On two-dimensional steady compactly supported Euler flows with constant vorticity

TL;DR

This paper investigates steady, compactly supported 2D Euler flows with constant vorticity, revealing existence, rigidity, and stability results for various overdetermined free-boundary problems.

Contribution

It introduces new existence and stability results for nontrivial Euler flows with constant vorticity, expanding the understanding of overdetermined elliptic problems.

Findings

Existence of nontrivial admissible domains for three classes of flows.

Rigidity results confirming uniqueness under certain conditions.

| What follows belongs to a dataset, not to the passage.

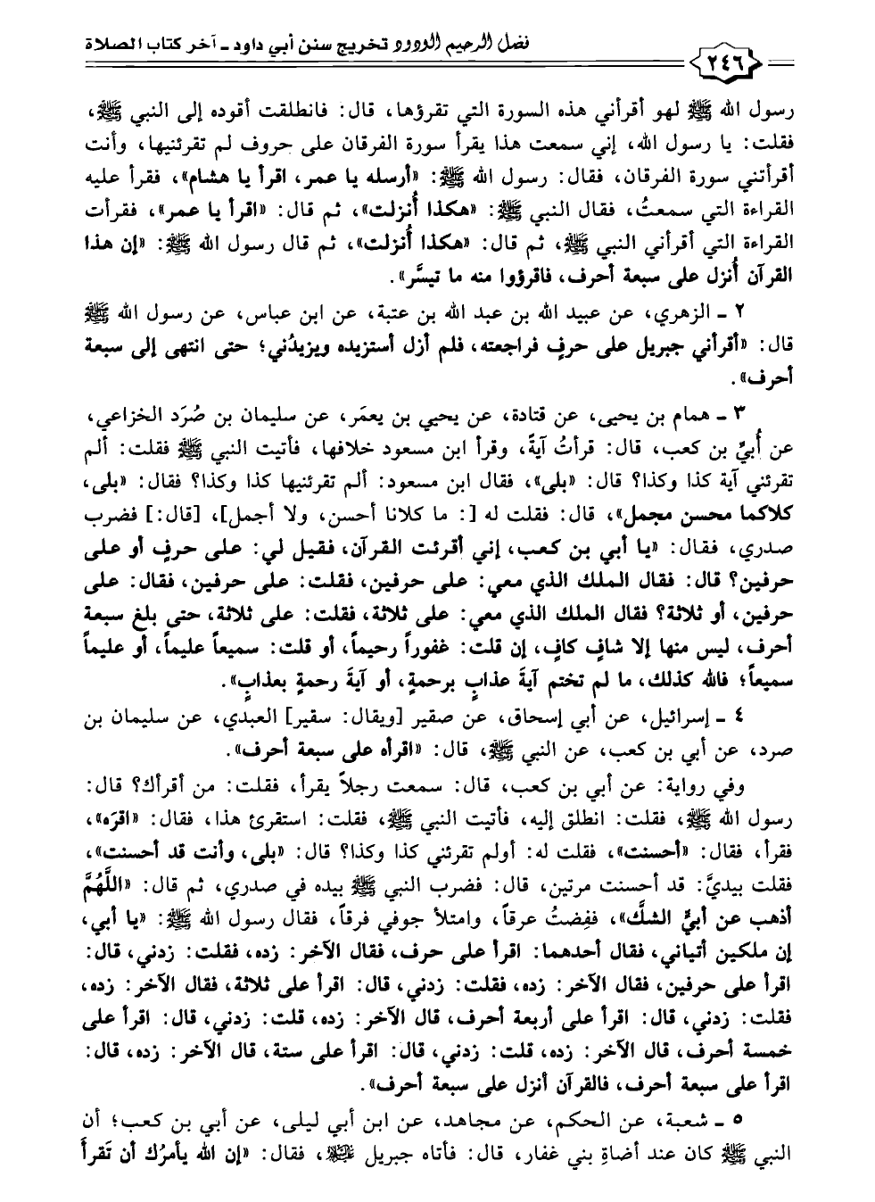 ٣ - همام بن يحيى، عن قتادة، عن يحيي بن يعمَر، عن سليمان بن صُرَد الخزاعي، عن أُبيِّ بن كعب، قال: قرأتُ آيةً، وقرأ ابن مسعود خلافها، فأتيت النبي -صلى الله عليه وسلم- فقلت: ألم تقرئني آية كذا وكذا؟ قال: "بلى"، فقال ابن مسعود: ألم تقرئنيها كذا وكذا؟ فقال: "بلى، كلاكما محسن مجمل "، قال: فقلت له [: ما كلانا أحسن، ولا أجمل]، [قال:] فضرب صدري، فقال: "يا أبي بن كعب، إني أقرئت القرآن، فقيل لي: على حرفٍ أو على حرفين؟ قال: فقال الملك الذي معي: على حرفين، فقلت: على حرفين، فقال: على حرفين، أو ثلاثة؟ فقال الملك الذي معي: على ثلاثة، فقلت: على ثلاثة، حتى بلغ سبعة أحرف، ليس منها إلا شافٍ كافٍ، إن قلت: غفورًا رحيمًا، أو قلت: سميعًا عليمًا، أو عليمًا سميعًا؛ فالله كذلك، ما لم تختم آيةَ عذابٍ برحمةٍ، أو آيةَ رحمةٍ بعدابٍ ".

Standard annular flows are stable under small boundary perturbations.

Abstract

In this paper, we study the two-dimensional steady compactly supported incompressible Euler equations with free boundaries. We consider flows with constant vorticity that are perturbations of annular equilibria, in contrast to the laminar flows that predominate in the existing literature on steady water waves. More precisely, we analyze three distinct classes of steady Euler flows with compact support, which correspond, respectively, to partially overdetermined, two-phase overdetermined, and (fully) overdetermined elliptic free-boundary problems. Our main contributions are threefold. For each class, we first prove a flexibility result-the existence of nontrivial admissible domains-by combining shape derivatives with local bifurcation theory. Second, we establish the corresponding rigidity results. Third, we apply the implicit function theorem to show that the standard annular flows are stable under small perturbations of the Neumann boundary condition. These results provide new perspectives on the theory of overdetermined elliptic problems.